▸ **Aim of the exercise**:
Write out the listing below in its entirety, minus the pictures, without changing a word.

▸ **Data segment**:
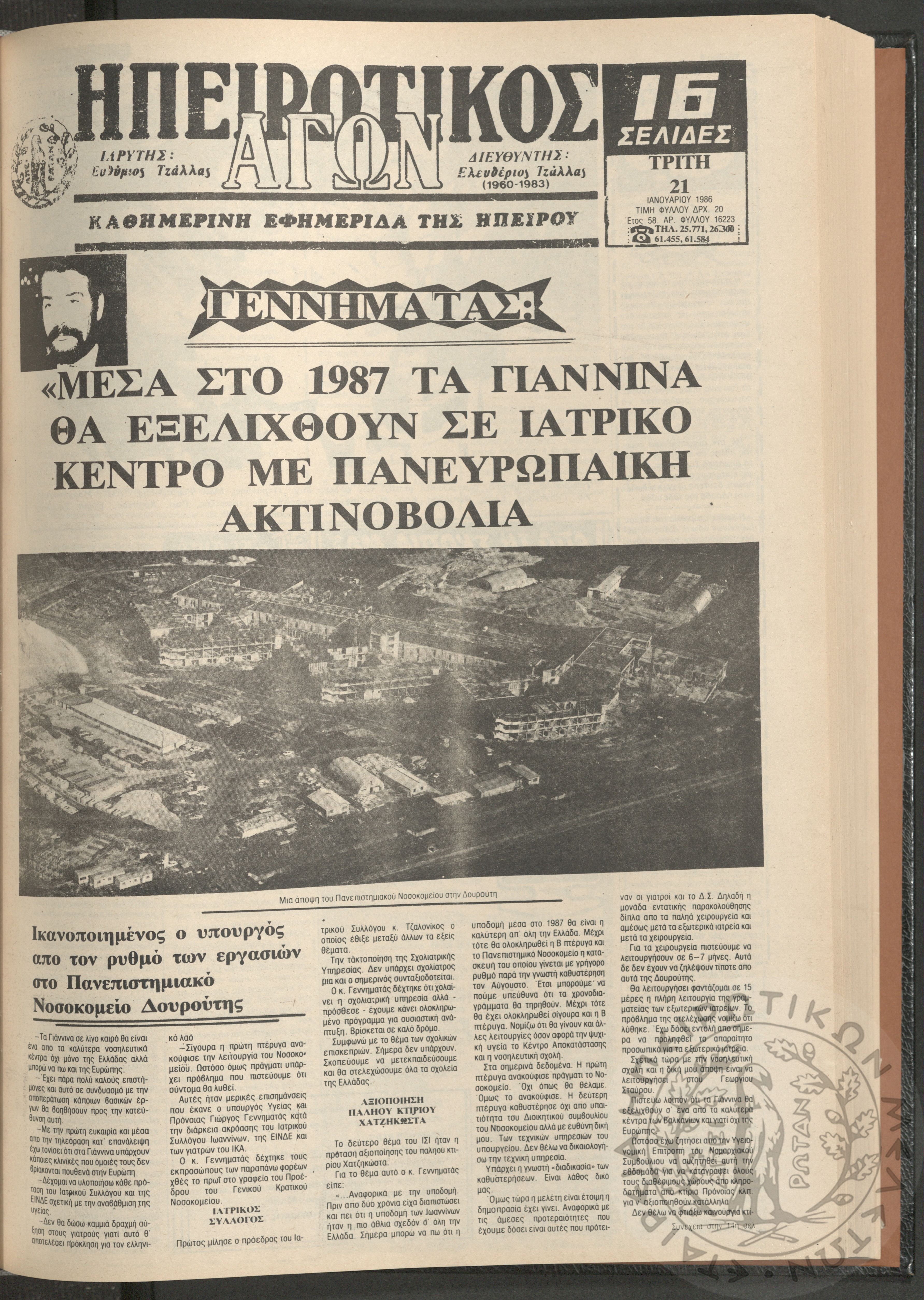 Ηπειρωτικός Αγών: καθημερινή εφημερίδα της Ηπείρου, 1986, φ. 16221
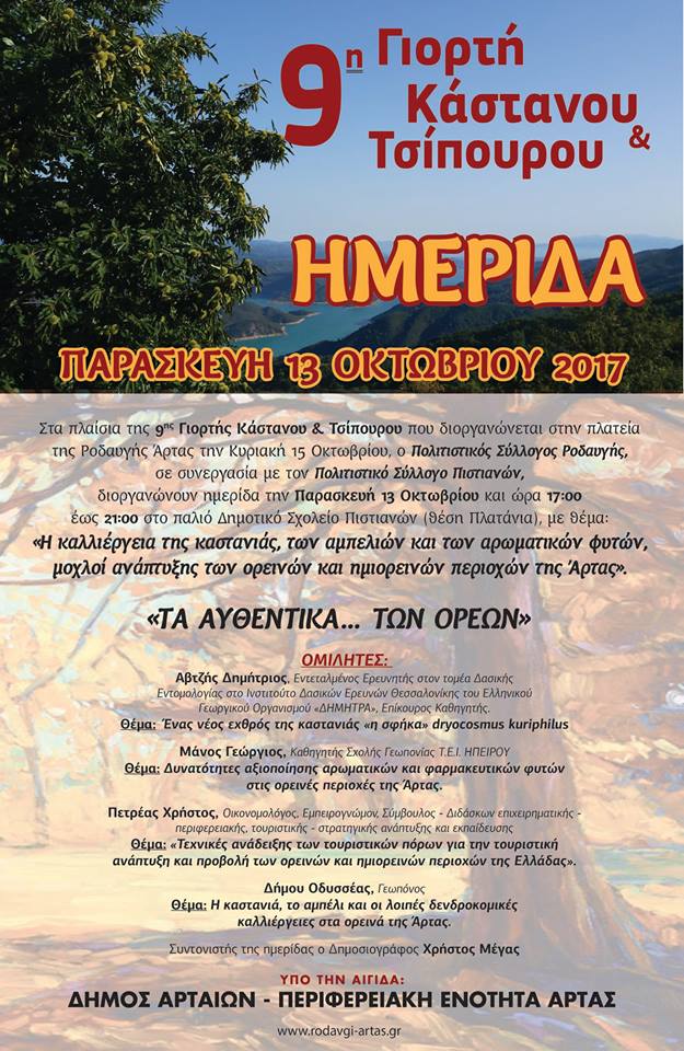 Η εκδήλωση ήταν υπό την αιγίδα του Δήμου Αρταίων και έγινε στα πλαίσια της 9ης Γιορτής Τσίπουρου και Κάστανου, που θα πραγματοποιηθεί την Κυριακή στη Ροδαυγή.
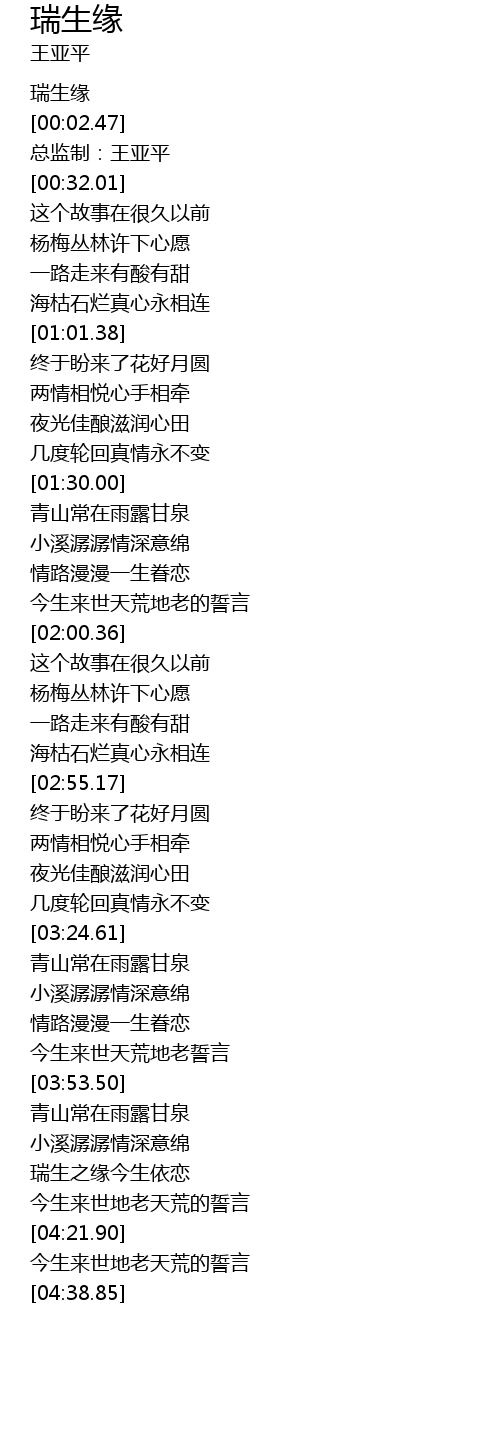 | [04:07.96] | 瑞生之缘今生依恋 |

▸ **Solution to this task**:
 Ηπειρωτικός Αγών: καθημερινή εφημερίδα της Ηπείρου, 1986, φ. 16221
 Η εκδήλωση ήταν υπό την αιγίδα του Δήμου Αρταίων και έγινε στα πλαίσια της 9ης Γιορτής Τσίπουρου και Κάστανου, που θα πραγματοποιηθεί την Κυριακή στη Ροδαυγή.
 | [04:07.96] | 瑞生之缘今生依恋 |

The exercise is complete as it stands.